Pictures aside, copy exactly each line from the one that holds "2. 趣味策略玩法:围绕城市地盘争夺,通过划线连接塔楼运用战术,扩张帝国版图。" through the last line of the records below.

----------

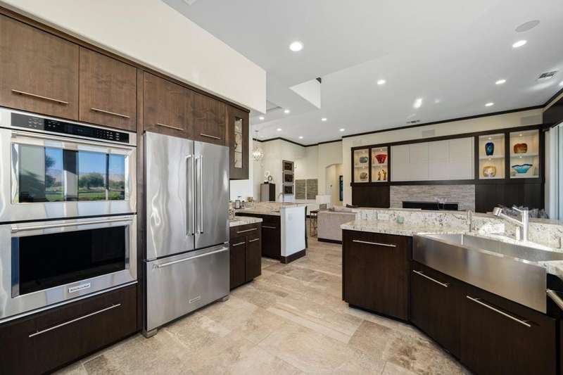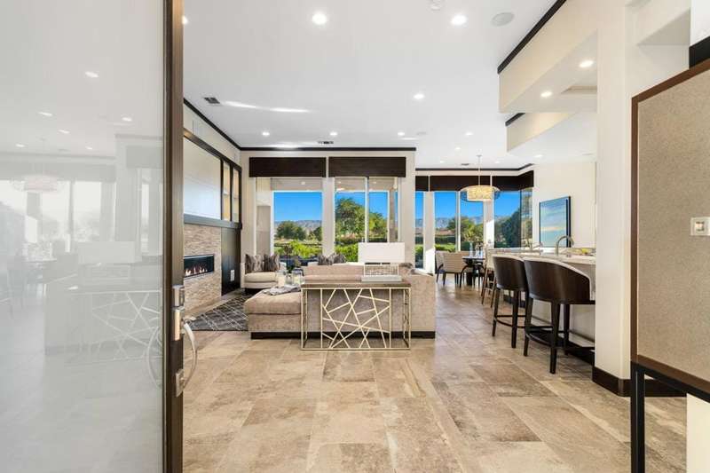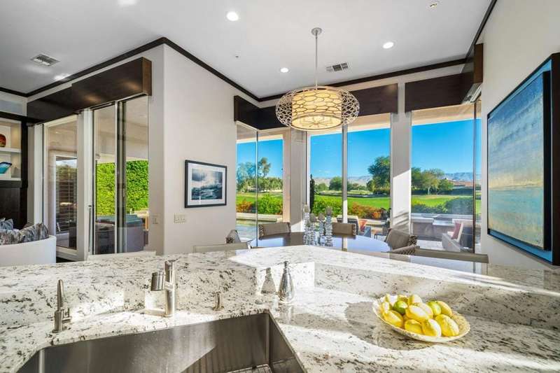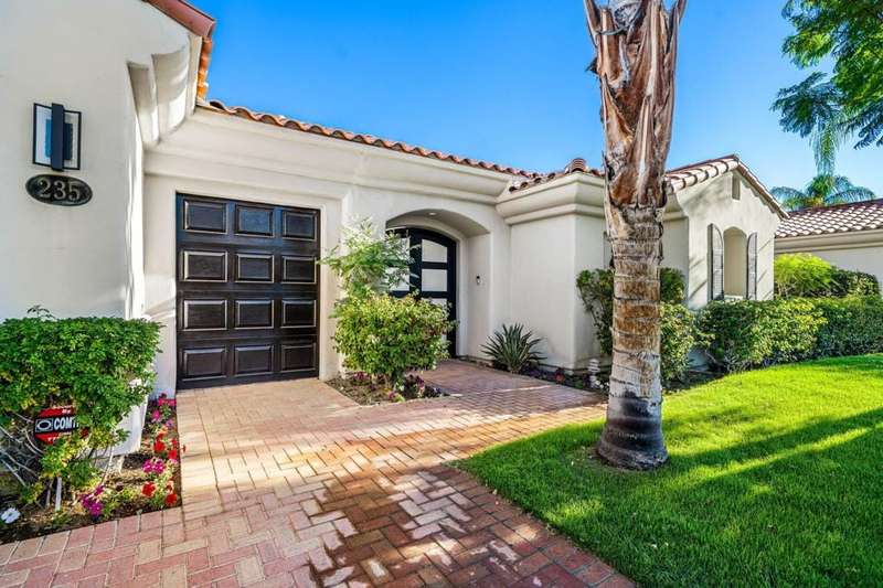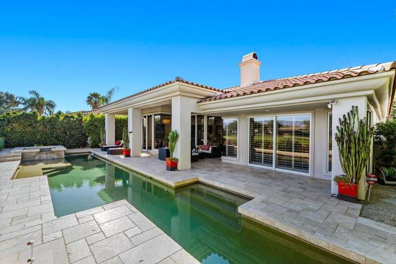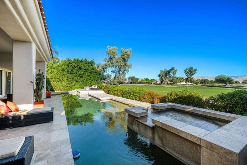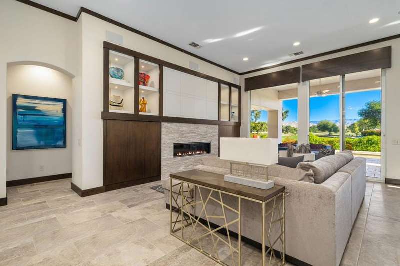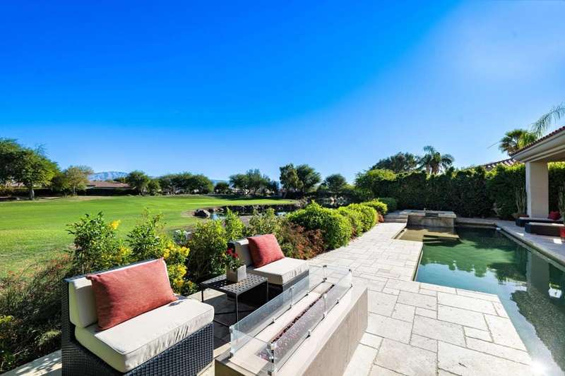 Stunning Contemporary Update of popular Legacy Open Great Room Floorplan with mountain, lake and fairway views and great outdoor living with lap pool. Enter a gated courtyard with outdoor living area and contemporary glass door entry. Open Great Room, Kitchen and Dining complete with entertainer's wet bar, fireplace and walls of glass with amazing views. Social Kitchen features quartz countertops, stainless appliances, counter seating and Dining area with views. Interiors by noted designer including custom tile flooring. Primary Suite features access to pool and spa terrace and more views together with updated spa bath with quartz and marble finishes. One guest suite in house featuring ensuite bath and a Detached Casita are perfect for friends and family. Den/Office with french doors to the courtyard can be a second guest bedroom in house with custom powder room nearby. Outside is a covered outdoor living room, pool and spa, updated expansive terraces with stone flooring, fire pit, bbq area and views of the mountains, fairways and lake. Legacy HOA includes Mission Hills Country Club social/fitness membership. Furniture Negotiable, so could be ready for a season in the sun - Come home to your desert retreat!
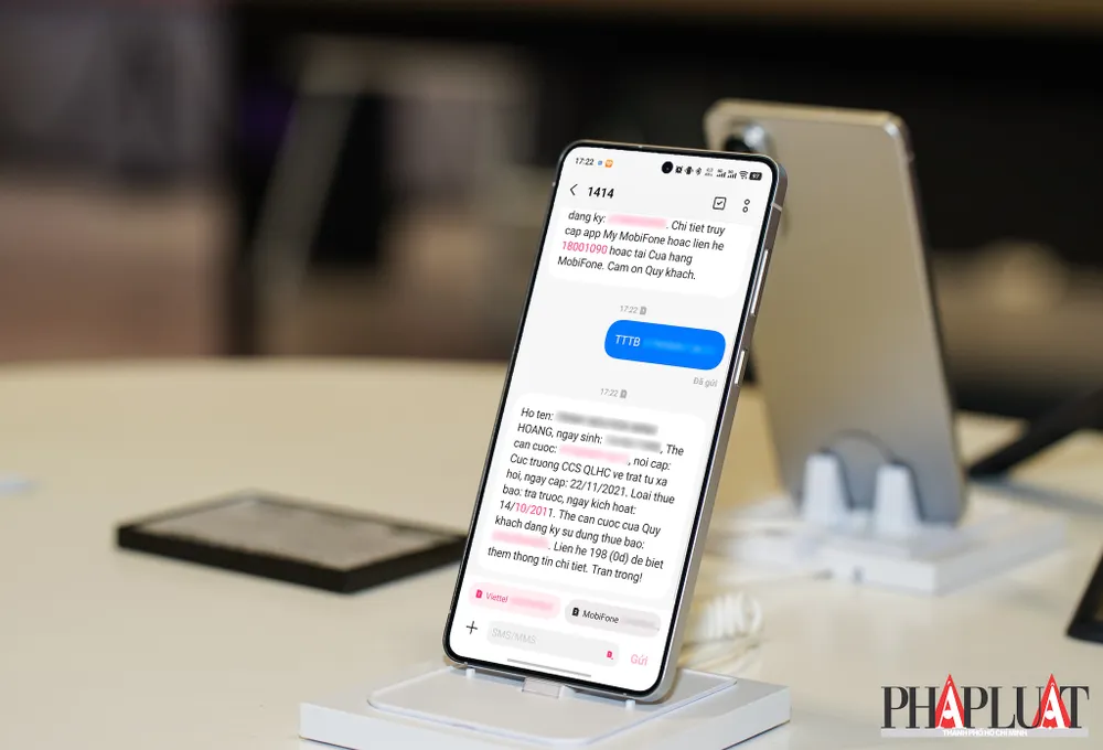 Người dùng có thể tự kiểm tra thông tin thuê bao ngay tại nhà bằng cách soạn tin nhắn theo cú pháp: TTTB và gửi đến 1414. Ví dụ, TTTB 0790900xxxxx gửi 1414.
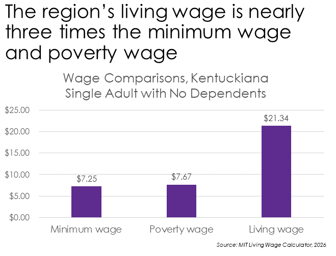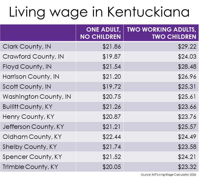 The Living Wage Calculator, developed by economists at MIT, crunches the data on modern-day expenses to estimate how much workers need to earn to meet their basic needs in the community in which they live and their household size. The latest version of the data was recently released, reporting that workers across the Louisville region need to earn at least $21 per hour to cover the costs of their basic needs.
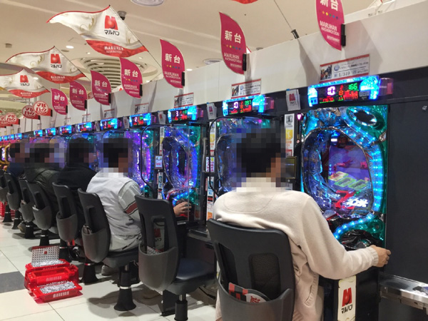 4円パチンコでは、「CRフィーバー機動戦士Zガンダム」に人気が集中。機種のポテンシャルを引き出せているプレイヤーも見られ、シマ全体が活気づいていた。
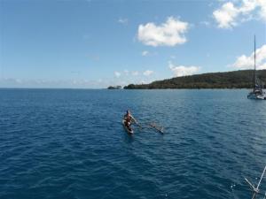 Anatom is the most southerly island of the Vanuatu group and has for a long time been overlooked by many yachts because it lacked any check-in authorities and the sail back from further up the chain against the prevailing South Easterly would be a hard flog at the best of times. This has now changed so we waited quietly at anchor in the protected lagoon behind Mystery Island and recovered from the passage until the following morning when the local policeman came to process us. We had several local people approach the boat in dug out canoes offering fruit and veggies and James couldn’t resist having a try out in one of the outrigger canoes. It was more stable than he was expecting.
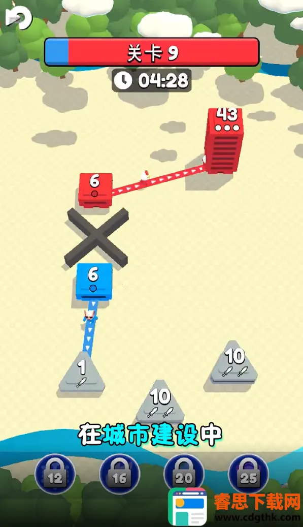2. 趣味策略玩法:围绕城市地盘争夺,通过划线连接塔楼运用战术,扩张帝国版图。
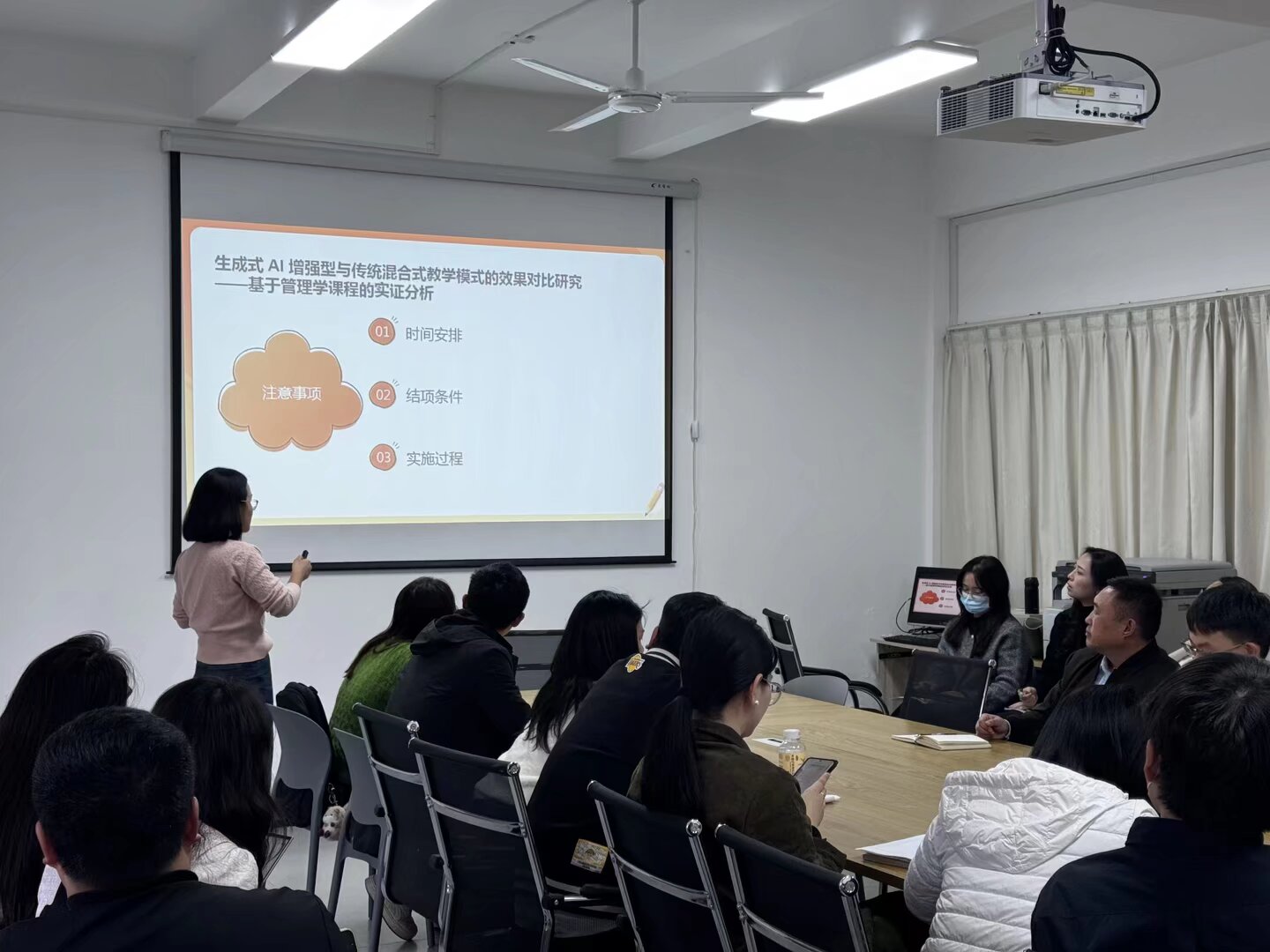 张迎华老师分享了近期参加"AI+教育教学辅助技能"学术会议的收获。她系统介绍了当前AI技术在教育教学与科研创新领域的前沿应用成果与发展趋势,分享了其他院校在AI+教学科研融合方面的先进实践案例,并对我院如何依托AI技术赋能教学科研提质增效提出了建设性思考,为与会教师带来了新的启发。
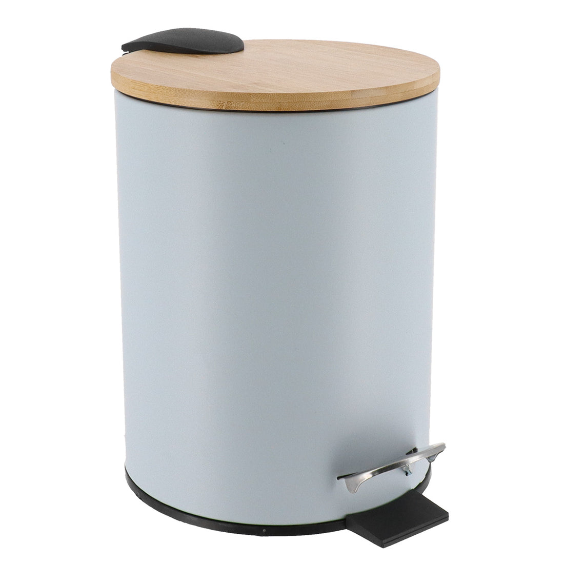 Coș De Gunoi Metalic Cu Închidere Lentă 3L - Albastru/Bambus

----------

Exercise solution:
2. 趣味策略玩法:围绕城市地盘争夺,通过划线连接塔楼运用战术,扩张帝国版图。
 张迎华老师分享了近期参加"AI+教育教学辅助技能"学术会议的收获。她系统介绍了当前AI技术在教育教学与科研创新领域的前沿应用成果与发展趋势,分享了其他院校在AI+教学科研融合方面的先进实践案例,并对我院如何依托AI技术赋能教学科研提质增效提出了建设性思考,为与会教师带来了新的启发。
 Coș De Gunoi Metalic Cu Închidere Lentă 3L - Albastru/Bambus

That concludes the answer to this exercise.